Sienna Senior Living Announces Closing of Common Share Offering for Gross Proceeds of Approximately $144 Million

NOT FOR DISTRIBUTION TO THE U.S. NEWS WIRE SERVICES OR DISSEMINATION IN THE UNITED STATES

MARKHAM, Ontario, Feb. 27, 2025 (GLOBE NEWSWIRE) -- Sienna Senior Living Inc. (“Sienna” or the “Company”) (TSX:SIA) today announced that it has successfully completed the previously announced bought deal offering (the “Offering”) of common shares of the Company (“Common Shares”) to a syndicate of underwriters led by TD Securities Inc., as sole bookrunner, and including BMO Nesbitt Burns Inc., CIBC World Markets Inc., RBC Dominion Securities Inc., Scotia Capital Inc., National Bank Financial Inc., Desjardins Securities Inc., Canaccord Genuity Corp., Raymond James Ltd., Cormark Securities Inc. and iA Private Wealth Inc. (collectively, the “Underwriters”).

A total of 9,108,000 Common Shares were issued at a price of $15.80 per Common Share for aggregate gross proceeds of $143,906,400. This includes gross proceeds from the full exercise of the over-allotment option granted to the Underwriters to purchase an additional 1,188,000 Common Shares.

The Company intends to use the net proceeds of the Offering (i) to fund the Company’s previously announced acquisitions of Wildpine Residence, a 165-suite retirement residence in the Ottawa suburb of Stittsville, and Cawthra Gardens, a 192-bed Class A long-term care home in Mississauga, Ontario; and (ii) for general corporate purposes, which include financing strategic growth initiatives such as future acquisition opportunities.

Further details of the Offering are described in the Company’s prospectus supplement dated February 24, 2025, filed with the securities regulatory authorities in all of the provinces and territories of Canada under the Company’s short form base shelf prospectus dated November 29, 2024. Copies of the Company’s prospectus supplement and the short form base shelf prospectus are available under the Company’s profile on SEDAR+ at .

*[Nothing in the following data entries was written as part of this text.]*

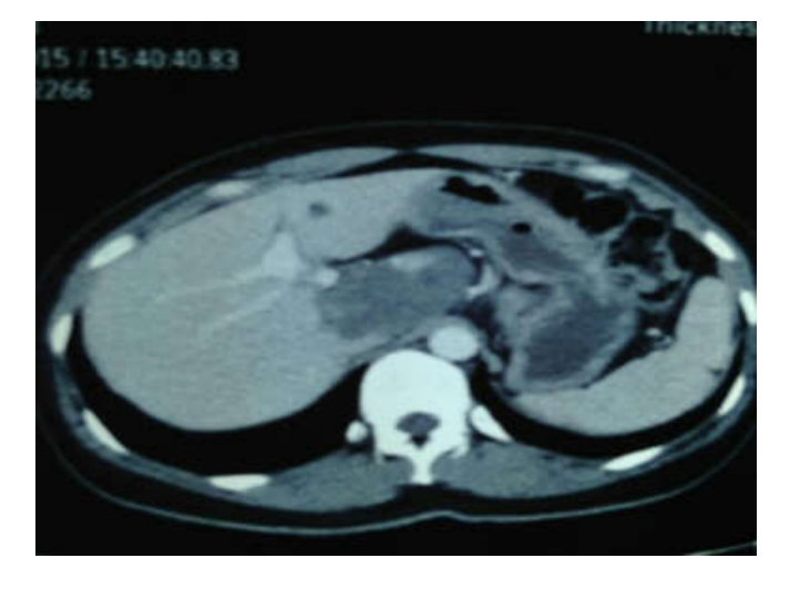
Figure 2. CT scan showing the caudate lobe tumor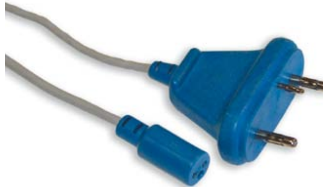
E0018 Handswitching Forceps Cord - Reusable For use with Valleylab generators only Length: 3.6 m (12 ft)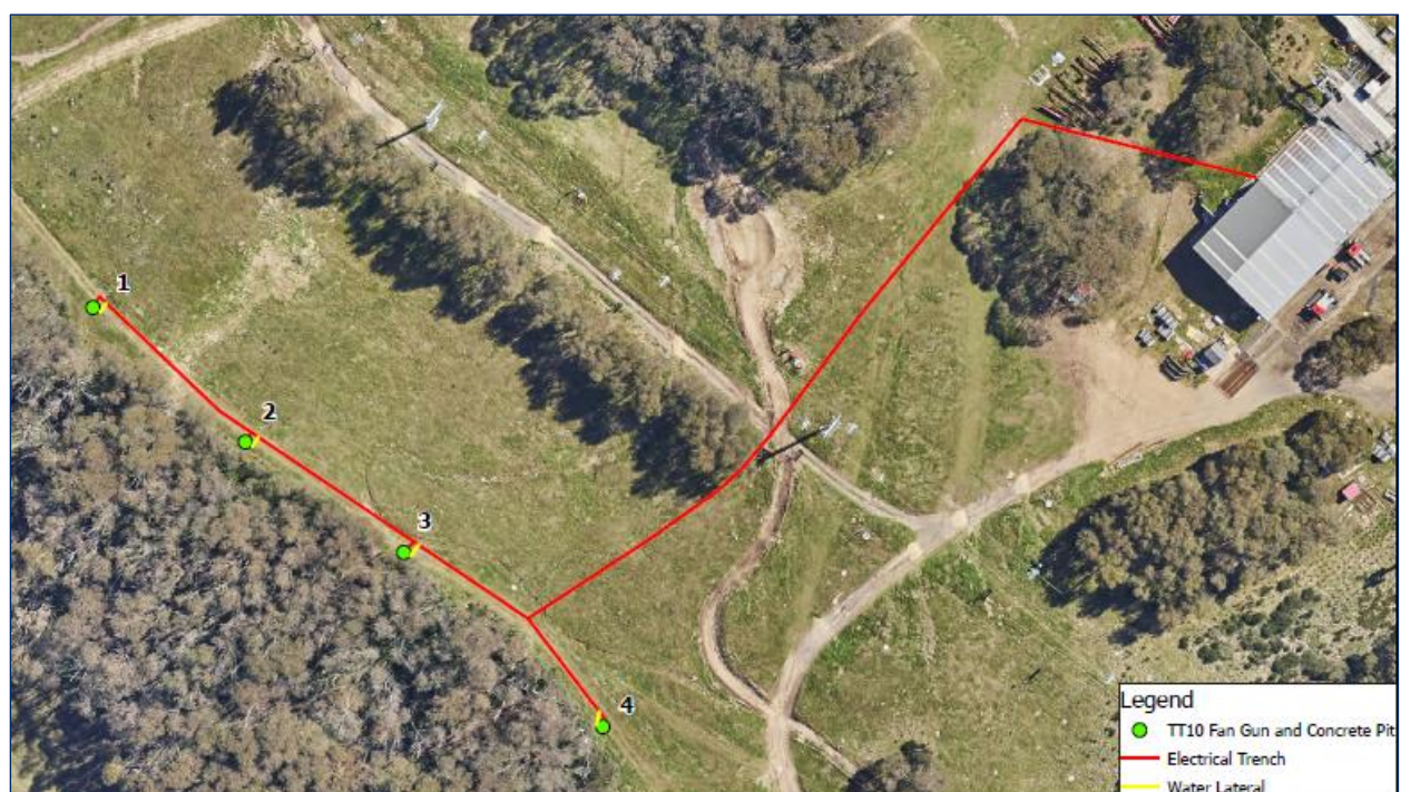
Figure 3 | Middle Slopes work site

The proposed modification to the consent is supported.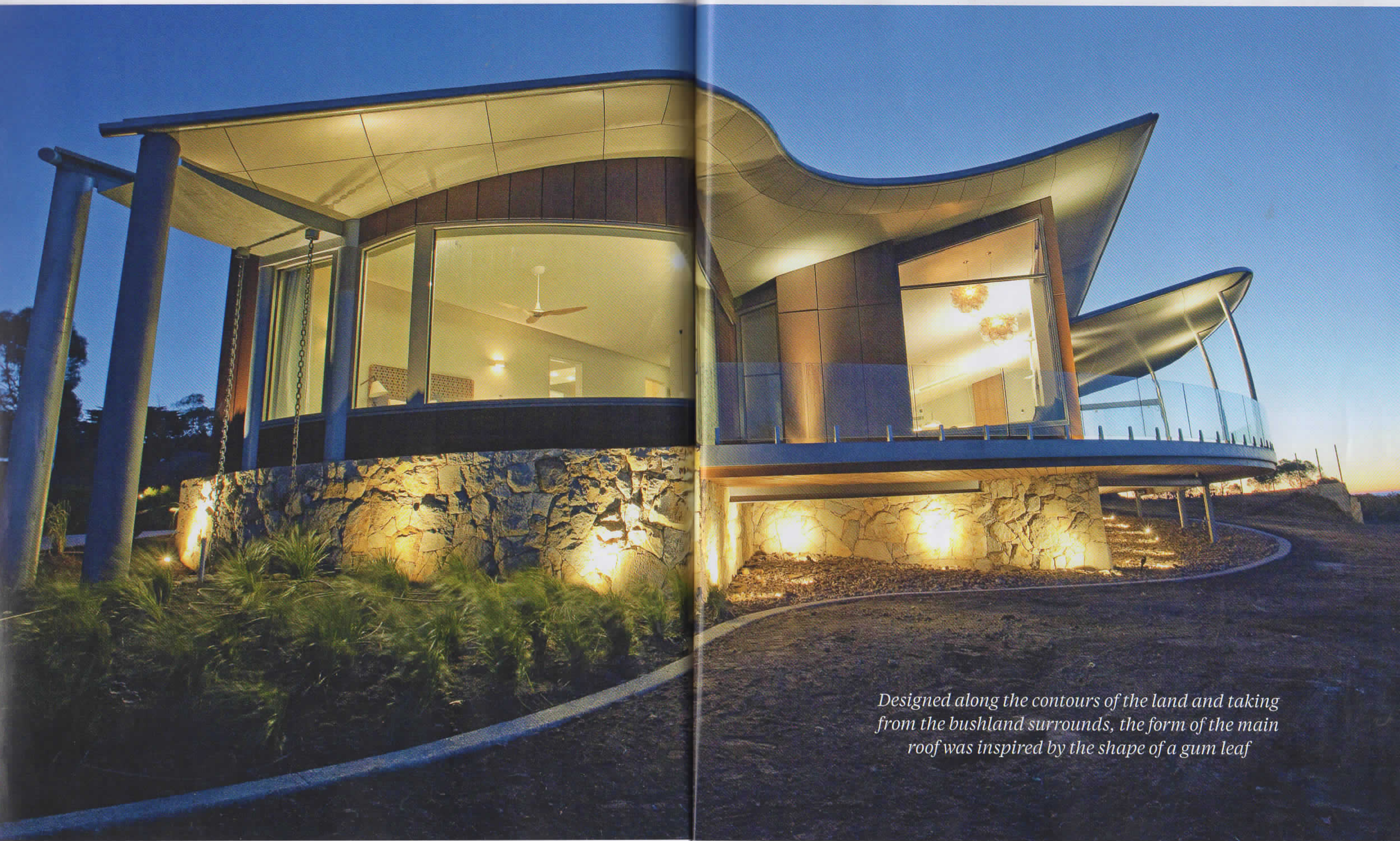
Designed along the contours of the land and taking from the bushland surrounds, the form of the main roof was inspired by the shape of a gum leaf

The securities offered pursuant to the Offering have not and will not be registered under the U.S. Securities Act of 1933, as amended, and may not be offered or sold in the United States absent registration or an applicable exemption from the registration requirements of such Act. This news release shall not constitute an offer to sell or the solicitation of an offer to buy the securities in any jurisdiction.

ABOUT SIENNA SENIOR LIVING

Sienna Senior Living Inc. (TSX:SIA) offers a full range of senior living options, including independent living, assisted living and memory care under its Aspira retirement brand, long-term care, and specialized programs and services. Sienna’s approximately 13,500 employees are passionate about cultivating happiness in daily life. For more information, please visit .

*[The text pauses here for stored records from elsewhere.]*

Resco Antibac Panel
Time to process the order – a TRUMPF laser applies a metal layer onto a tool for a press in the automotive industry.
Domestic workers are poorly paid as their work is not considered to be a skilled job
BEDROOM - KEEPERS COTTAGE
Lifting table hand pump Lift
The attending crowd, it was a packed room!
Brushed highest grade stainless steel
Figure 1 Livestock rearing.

FORWARD-LOOKING STATEMENTS

This news release may contain forward-looking statements (within the meaning of applicable securities laws) relating to the business of the Company and the environment in which it operates. Forward-looking statements are identified by words such as “intend”, “anticipate”, “project”, “expect”, “believe”, “plan”, “will”, “may” “estimate” and other similar expressions. These statements are based on the Company’s expectations, estimates, forecasts and projections and include, without limitation, statements with respect to the intended use of proceeds of the Offering, and are subject to, and expressly qualified by, the cautionary disclaimers that are set out in Sienna’s regulatory filings. These forward-looking statements are subject to significant known and unknown risks and uncertainties that may cause actual results or events to differ materially from those expressed or implied by such statements and, accordingly, should not be read as guarantees of future performance or results and will not necessarily be accurate indications of whether or not such results will be achieved. The forward-looking statements in this news release are based on information currently available and what management currently believes are reasonable assumptions. The Company does not undertake any obligation to publicly update or revise any forward-looking statements except as may be required by applicable law.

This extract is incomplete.